Book Synopsis A People’s History of Psychoanalysis by : Daniel José Gaztambide

Download or read book A People’s History of Psychoanalysis written by Daniel José Gaztambide and published by Rowman & Littlefield. This book was released on 2019-12-09 with total page 271 pages. Available in PDF, EPUB and Kindle. Book excerpt: As inequality widens in all sectors of contemporary society, we must ask: is psychoanalysis too white and well-to-do to be relevant to social, economic, and racial justice struggles? Are its ideas and practices too alien for people of color? Can it help us understand why systems of oppression are so stable and how oppression becomes internalized? In A People’s Historyof Psychoanalysis: From Freud to Liberation Psychology, Daniel José Gaztambide reviews the oft-forgotten history of social justice in psychoanalysis. Starting with the work of Sigmund Freud and the first generation of left-leaning psychoanalysts, Gaztambide traces a series of interrelated psychoanalytic ideas and social justice movements that culminated in the work of Frantz Fanon, Paulo Freire, and Ignacio Martín-Baró.

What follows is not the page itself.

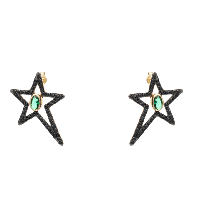 Σκουλαρίκια Αστέρια Κίτρινο Χρυσό 14Κ με Μαύρα και Πράσινα Ζιργκόν και Μαύρο Επιπλατίνωμα

Through this intellectual genealogy, Gaztambide presents a psychoanalytically informed theory of race, class, and internalized oppression that resulted from the intertwined efforts of psychoanalysts and racial justice advocates over the course of generations and gave rise to liberation psychology. This book is recommended for students and scholars engaged in political activism, critical pedagogy, and clinical work.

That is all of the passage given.